Provided data
=== Section Start ===

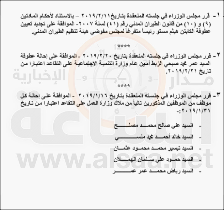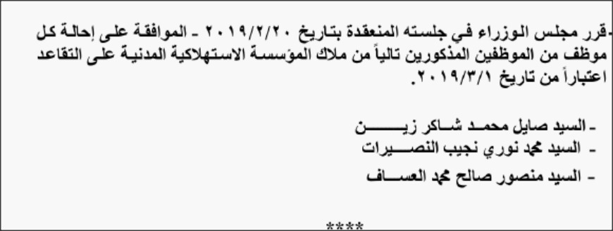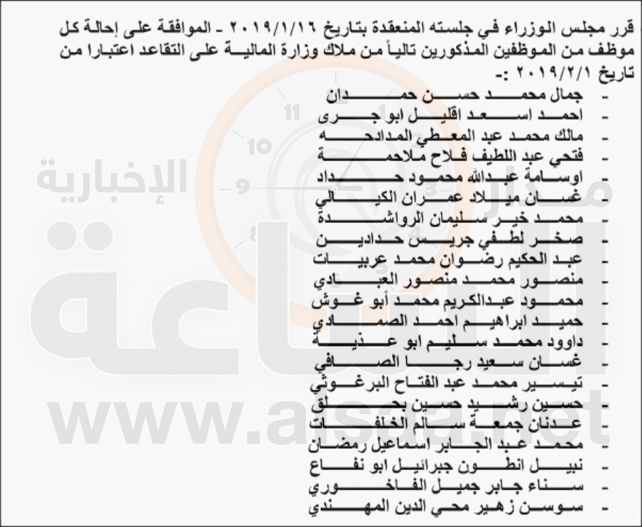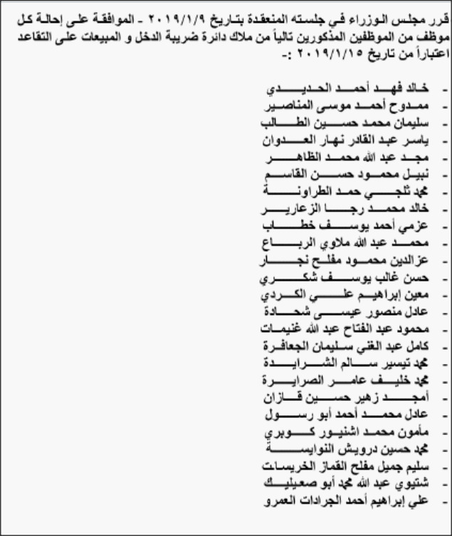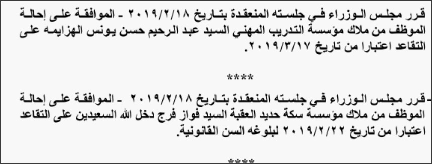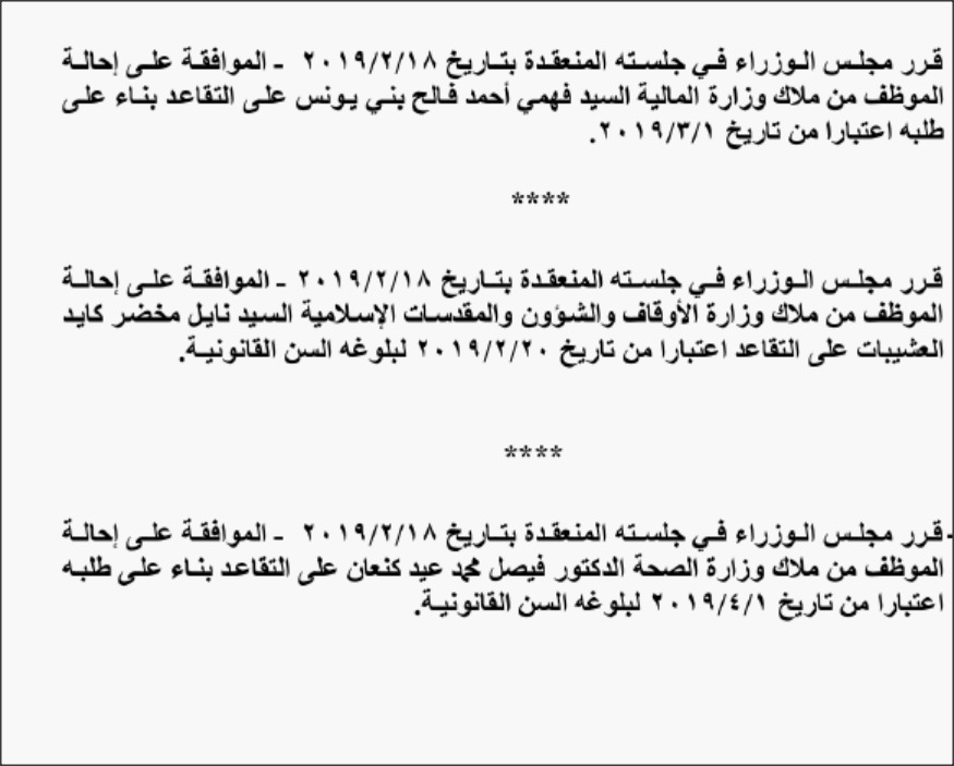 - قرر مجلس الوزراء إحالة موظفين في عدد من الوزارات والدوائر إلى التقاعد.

=== Section End ===
=== Section Start ===

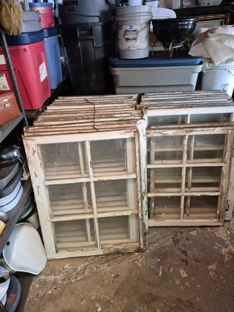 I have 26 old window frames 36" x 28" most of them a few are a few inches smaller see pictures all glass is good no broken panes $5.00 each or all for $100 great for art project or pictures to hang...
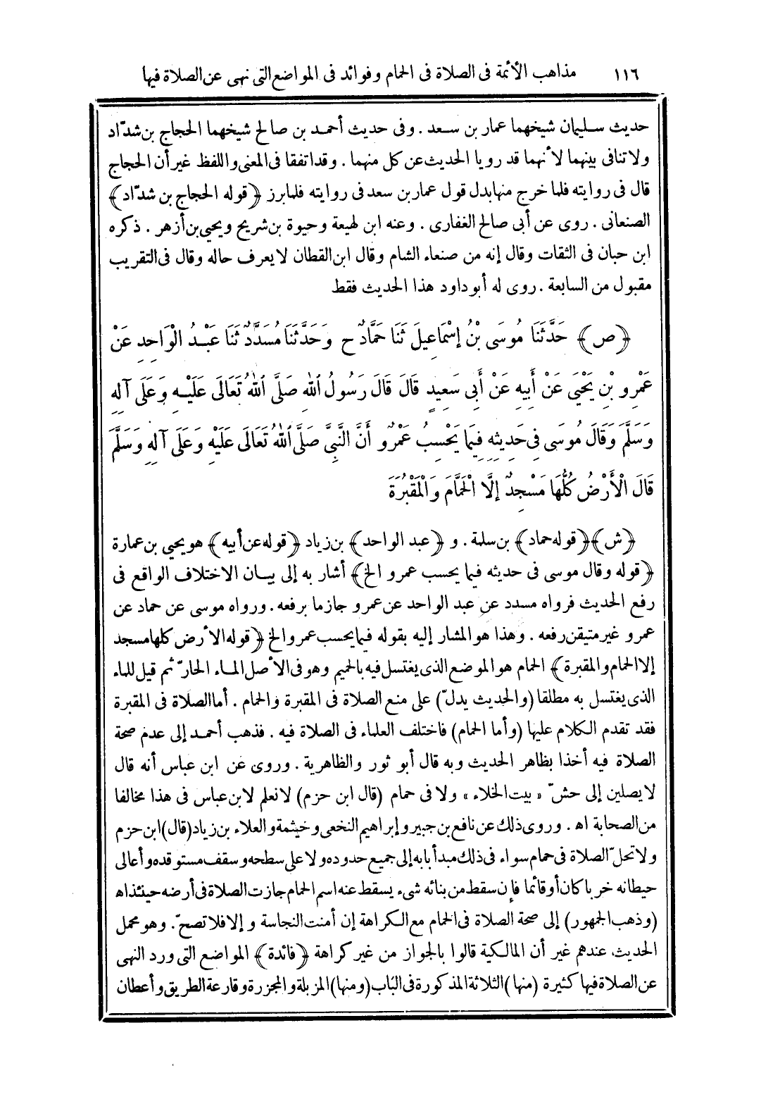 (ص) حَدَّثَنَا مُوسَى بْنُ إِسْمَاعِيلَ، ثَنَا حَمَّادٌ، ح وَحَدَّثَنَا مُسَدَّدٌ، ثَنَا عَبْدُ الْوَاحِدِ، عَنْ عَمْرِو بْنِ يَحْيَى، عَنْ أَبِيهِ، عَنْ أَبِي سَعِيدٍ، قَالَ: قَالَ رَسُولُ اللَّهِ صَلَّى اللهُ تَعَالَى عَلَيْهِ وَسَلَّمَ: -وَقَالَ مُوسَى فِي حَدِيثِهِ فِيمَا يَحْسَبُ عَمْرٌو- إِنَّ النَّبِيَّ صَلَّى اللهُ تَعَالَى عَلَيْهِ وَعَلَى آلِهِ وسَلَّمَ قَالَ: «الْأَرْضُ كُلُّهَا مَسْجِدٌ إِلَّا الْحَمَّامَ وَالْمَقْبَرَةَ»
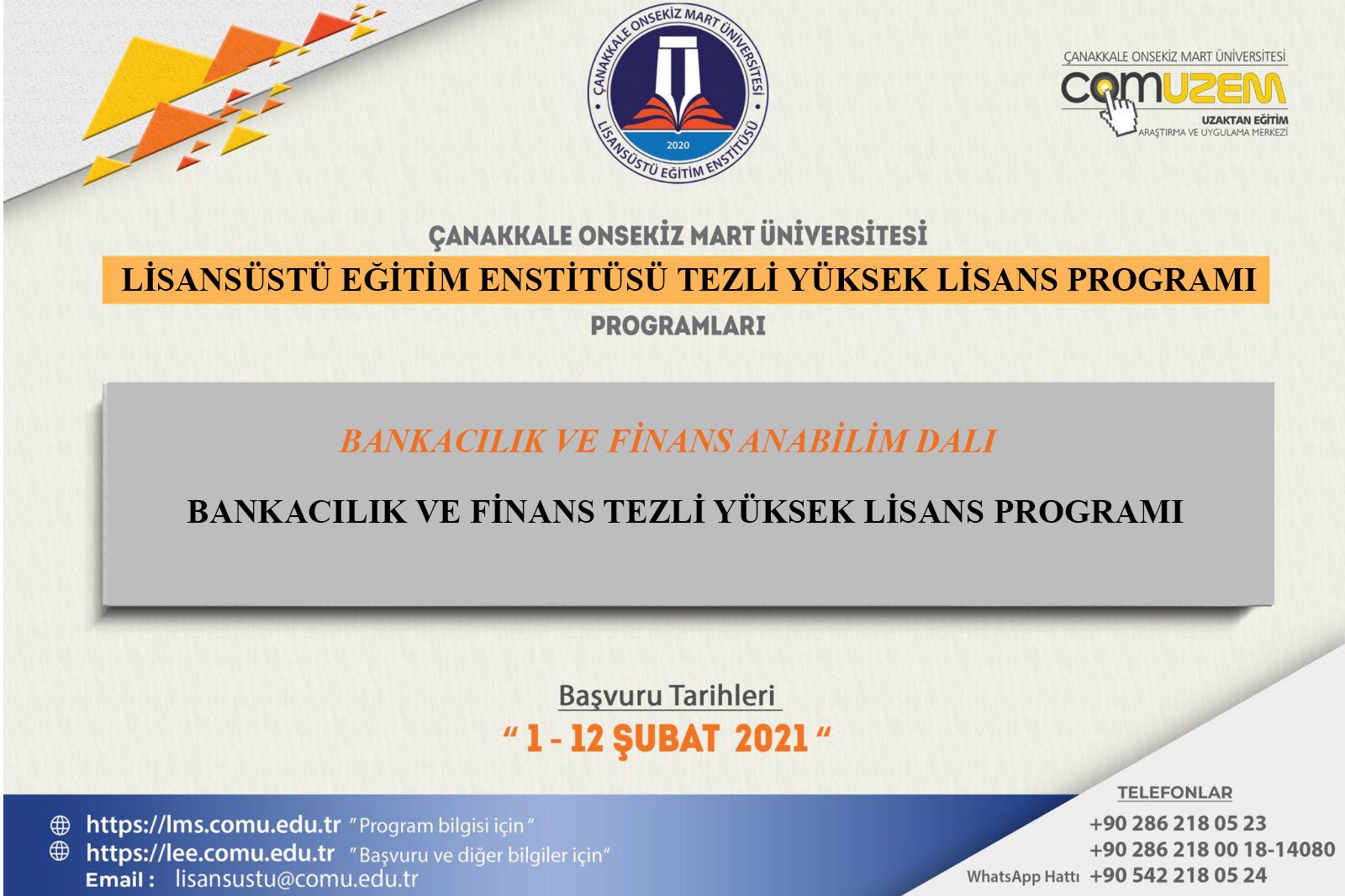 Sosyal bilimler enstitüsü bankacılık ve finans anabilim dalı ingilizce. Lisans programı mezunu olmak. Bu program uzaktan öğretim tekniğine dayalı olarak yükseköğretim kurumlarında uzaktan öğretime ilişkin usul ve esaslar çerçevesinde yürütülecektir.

=== Section End ===

Output exactly the lines above, from the line with "(ص) حَدَّثَنَا مُوسَى" to the line with "Sosyal bilimler enstitüsü", both included; skip the pictures.

 (ص) حَدَّثَنَا مُوسَى بْنُ إِسْمَاعِيلَ، ثَنَا حَمَّادٌ، ح وَحَدَّثَنَا مُسَدَّدٌ، ثَنَا عَبْدُ الْوَاحِدِ، عَنْ عَمْرِو بْنِ يَحْيَى، عَنْ أَبِيهِ، عَنْ أَبِي سَعِيدٍ، قَالَ: قَالَ رَسُولُ اللَّهِ صَلَّى اللهُ تَعَالَى عَلَيْهِ وَسَلَّمَ: -وَقَالَ مُوسَى فِي حَدِيثِهِ فِيمَا يَحْسَبُ عَمْرٌو- إِنَّ النَّبِيَّ صَلَّى اللهُ تَعَالَى عَلَيْهِ وَعَلَى آلِهِ وسَلَّمَ قَالَ: «الْأَرْضُ كُلُّهَا مَسْجِدٌ إِلَّا الْحَمَّامَ وَالْمَقْبَرَةَ»
 Sosyal bilimler enstitüsü bankacılık ve finans anabilim dalı ingilizce. Lisans programı mezunu olmak. Bu program uzaktan öğretim tekniğine dayalı olarak yükseköğretim kurumlarında uzaktan öğretime ilişkin usul ve esaslar çerçevesinde yürütülecektir.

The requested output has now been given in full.